- _DATA LISTING_
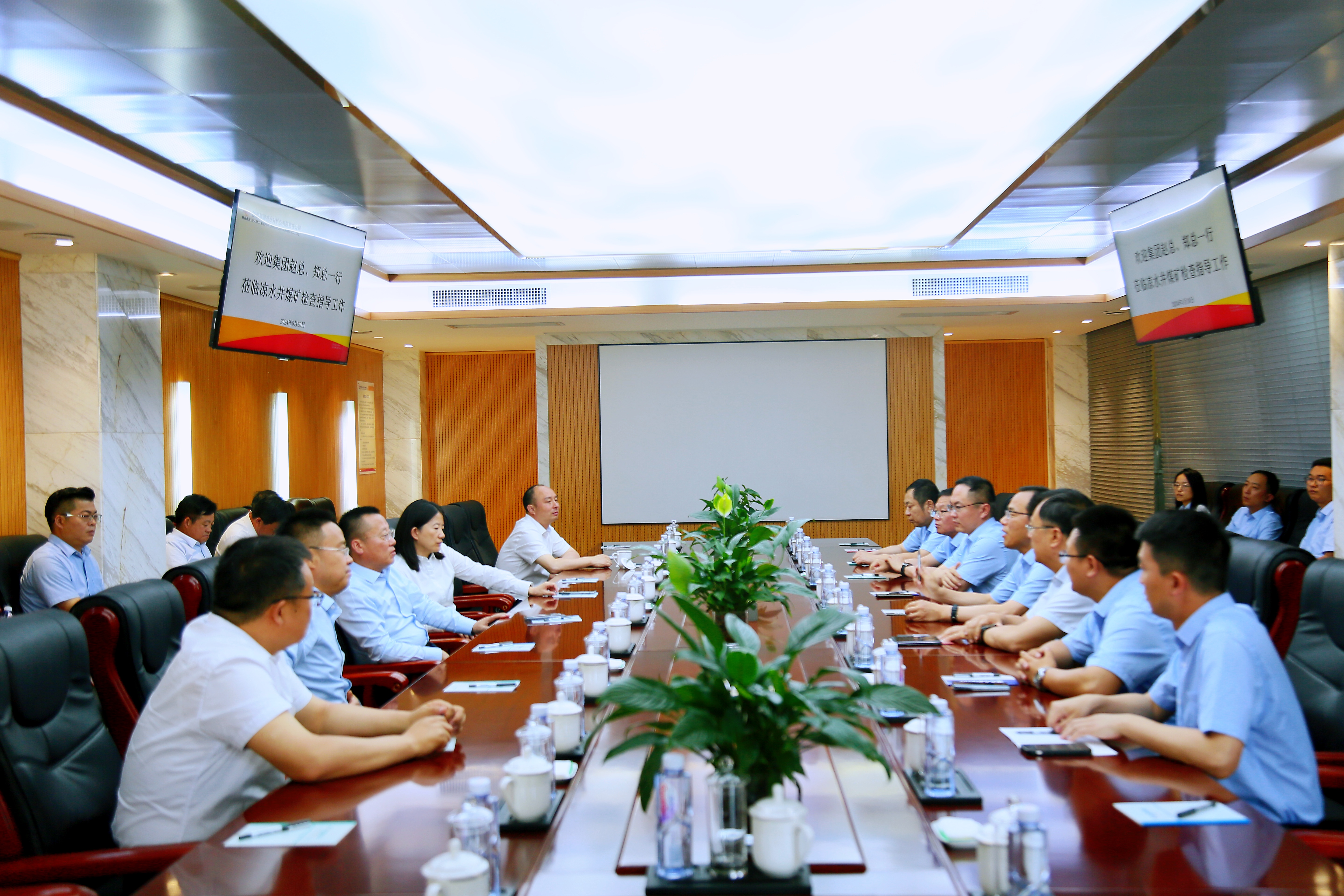 5月30日,集团公司党委副书记、总经理赵军,党委委员、总会计师郑波,党委宣传部(企业文化部)部长李小英一行莅临凉水井矿业公司检查指导工作。
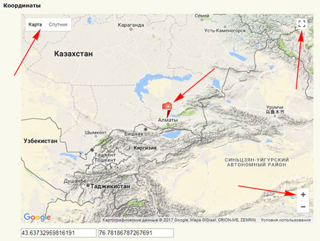 ΠΠ°Π»Π΅Π΅ Π½Π΅ΠΎΠ±Ρ ΠΎΠ΄ΠΈΠΌΠΎ Π²ΡΡΡΠ°Π²ΠΈΡΡ ΠΊΠΎΠΎΡΠ΄ΠΈΠ½Π°ΡΡ Π½Π° ΠΊΠ°ΡΡΠ΅, ΠΏΠ΅ΡΠ΅Π΄Π²ΠΈΠ½ΡΠ² ΡΠΊΠ°Π·Π°ΡΠ΅Π»Ρ Π² Π½ΡΠΆΠ½ΡΡ ΡΠΎΡΠΊΡ (Π΄Π»Ρ ΠΌΠ°ΡΡΡΠ°Π±ΠΈΡΠΎΠ²Π°Π½ΠΈΡ ΠΈΡΠΏΠΎΠ»ΡΠ·ΡΠΉΡΠ΅ Β«+Β» ΠΈ Β«-Β» Π² Π½ΠΈΠΆΠ½Π΅ΠΌ ΠΏΡΠ°Π²ΠΎΠΌ ΡΠ³Π»Ρ ΠΊΠ°ΡΡΡ; Π΄Π»Ρ ΠΈΠ·ΠΌΠ΅Π½Π΅Π½ΠΈΡ Π²ΠΈΠ΄Π° ΠΊΠ°ΡΡΡ Π½Π° ΡΠΏΡΡΠ½ΠΈΠΊΠΎΠ²ΡΡ β Π² Π²Π΅ΡΡ Π½Π΅ΠΌ Π»Π΅Π²ΠΎΠΌ ΡΠ³Π»Ρ; Π΄Π»Ρ ΡΠ°Π·Π²ΠΎΡΠΎΡΠ° ΠΊΠ°ΡΡΡ Π½Π° Π²Π΅ΡΡ ΡΠΊΡΠ°Π½ β ΠΊΠ½ΠΎΠΏΠΊΠ° Π² Π²Π΅ΡΡ Π½Π΅ΠΌ ΠΏΡΠ°Π²ΠΎΠΌ ΡΠ³Π»Ρ);
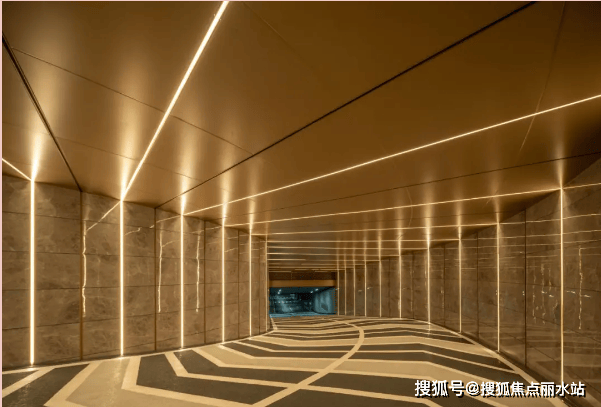 设有地上、地下双重归家动线,车库入口采用希腊灰奢石岩板、铝板与金属格栅打造,坡道设发光灯膜,营造梦幻归家体验。
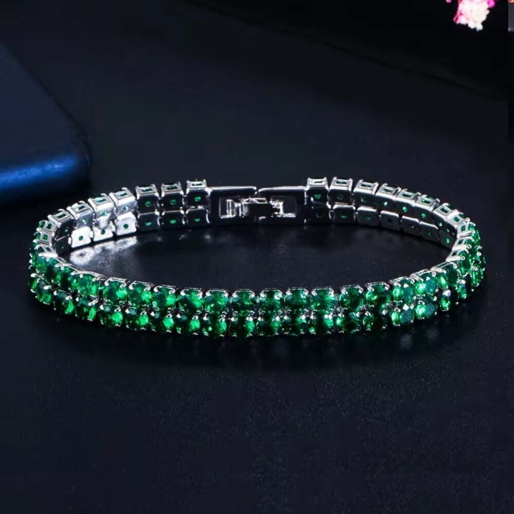 Lab Created Emerald 14K White Gold Plated 2 Row Tennis Link Bracelets 7.5"
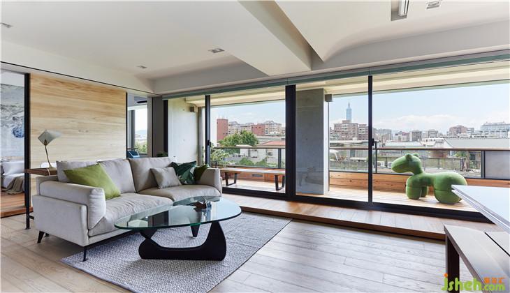 降低的女兒墻,可以讓綠帶入空間,家,因為這廊道串聯(lián)在一起,形成一塊內(nèi)外自由對話的模糊場所
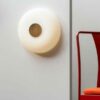 Lampada a parete o soffitto a luce diffusa dimmerabile, con montatura in metallo galvanizzato e diffusore in vetro soffiato in borisilicato.
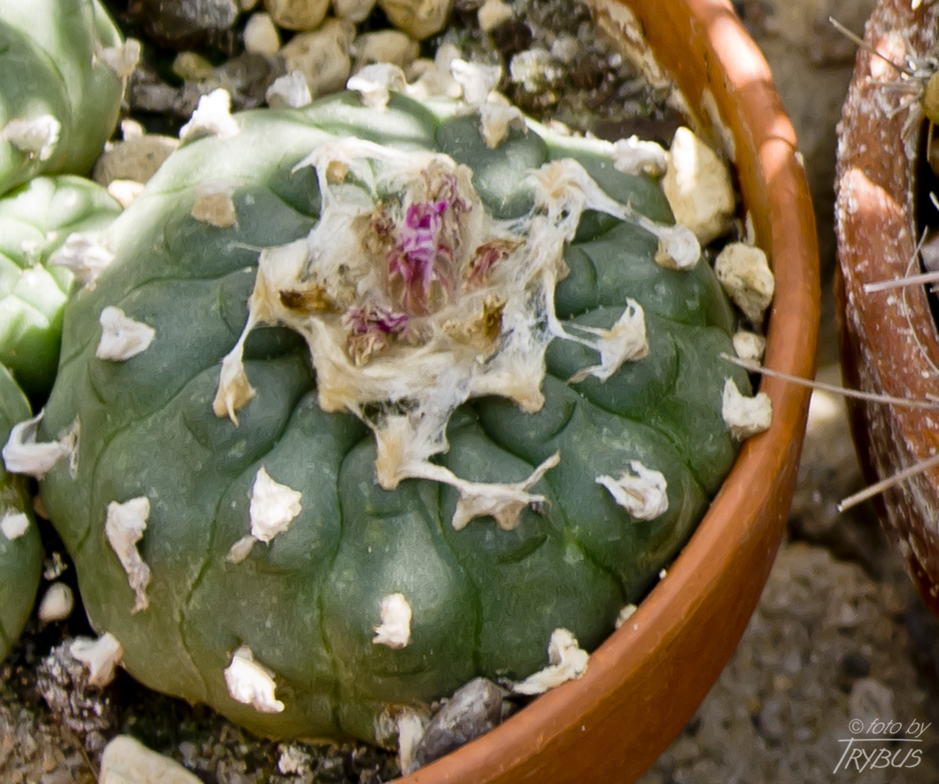 Lophophora williamsii rośnie samotnie, ale z wiekiem może rozrastać się tworząc kępy o średnicy do 1 m, zwykle jest bezcierniowy.

- _WHAT YOU NEED TO DO_
Each entry above needs to be restated without a single word changed; skip the images.

- _ANSWER TO THE PROBLEM_
 5月30日,集团公司党委副书记、总经理赵军,党委委员、总会计师郑波,党委宣传部(企业文化部)部长李小英一行莅临凉水井矿业公司检查指导工作。
 ΠΠ°Π»Π΅Π΅ Π½Π΅ΠΎΠ±Ρ ΠΎΠ΄ΠΈΠΌΠΎ Π²ΡΡΡΠ°Π²ΠΈΡΡ ΠΊΠΎΠΎΡΠ΄ΠΈΠ½Π°ΡΡ Π½Π° ΠΊΠ°ΡΡΠ΅, ΠΏΠ΅ΡΠ΅Π΄Π²ΠΈΠ½ΡΠ² ΡΠΊΠ°Π·Π°ΡΠ΅Π»Ρ Π² Π½ΡΠΆΠ½ΡΡ ΡΠΎΡΠΊΡ (Π΄Π»Ρ ΠΌΠ°ΡΡΡΠ°Π±ΠΈΡΠΎΠ²Π°Π½ΠΈΡ ΠΈΡΠΏΠΎΠ»ΡΠ·ΡΠΉΡΠ΅ Β«+Β» ΠΈ Β«-Β» Π² Π½ΠΈΠΆΠ½Π΅ΠΌ ΠΏΡΠ°Π²ΠΎΠΌ ΡΠ³Π»Ρ ΠΊΠ°ΡΡΡ; Π΄Π»Ρ ΠΈΠ·ΠΌΠ΅Π½Π΅Π½ΠΈΡ Π²ΠΈΠ΄Π° ΠΊΠ°ΡΡΡ Π½Π° ΡΠΏΡΡΠ½ΠΈΠΊΠΎΠ²ΡΡ β Π² Π²Π΅ΡΡ Π½Π΅ΠΌ Π»Π΅Π²ΠΎΠΌ ΡΠ³Π»Ρ; Π΄Π»Ρ ΡΠ°Π·Π²ΠΎΡΠΎΡΠ° ΠΊΠ°ΡΡΡ Π½Π° Π²Π΅ΡΡ ΡΠΊΡΠ°Π½ β ΠΊΠ½ΠΎΠΏΠΊΠ° Π² Π²Π΅ΡΡ Π½Π΅ΠΌ ΠΏΡΠ°Π²ΠΎΠΌ ΡΠ³Π»Ρ);
 设有地上、地下双重归家动线,车库入口采用希腊灰奢石岩板、铝板与金属格栅打造,坡道设发光灯膜,营造梦幻归家体验。
 Lab Created Emerald 14K White Gold Plated 2 Row Tennis Link Bracelets 7.5"
 降低的女兒墻,可以讓綠帶入空間,家,因為這廊道串聯(lián)在一起,形成一塊內(nèi)外自由對話的模糊場所
 Lampada a parete o soffitto a luce diffusa dimmerabile, con montatura in metallo galvanizzato e diffusore in vetro soffiato in borisilicato.
 Lophophora williamsii rośnie samotnie, ale z wiekiem może rozrastać się tworząc kępy o średnicy do 1 m, zwykle jest bezcierniowy.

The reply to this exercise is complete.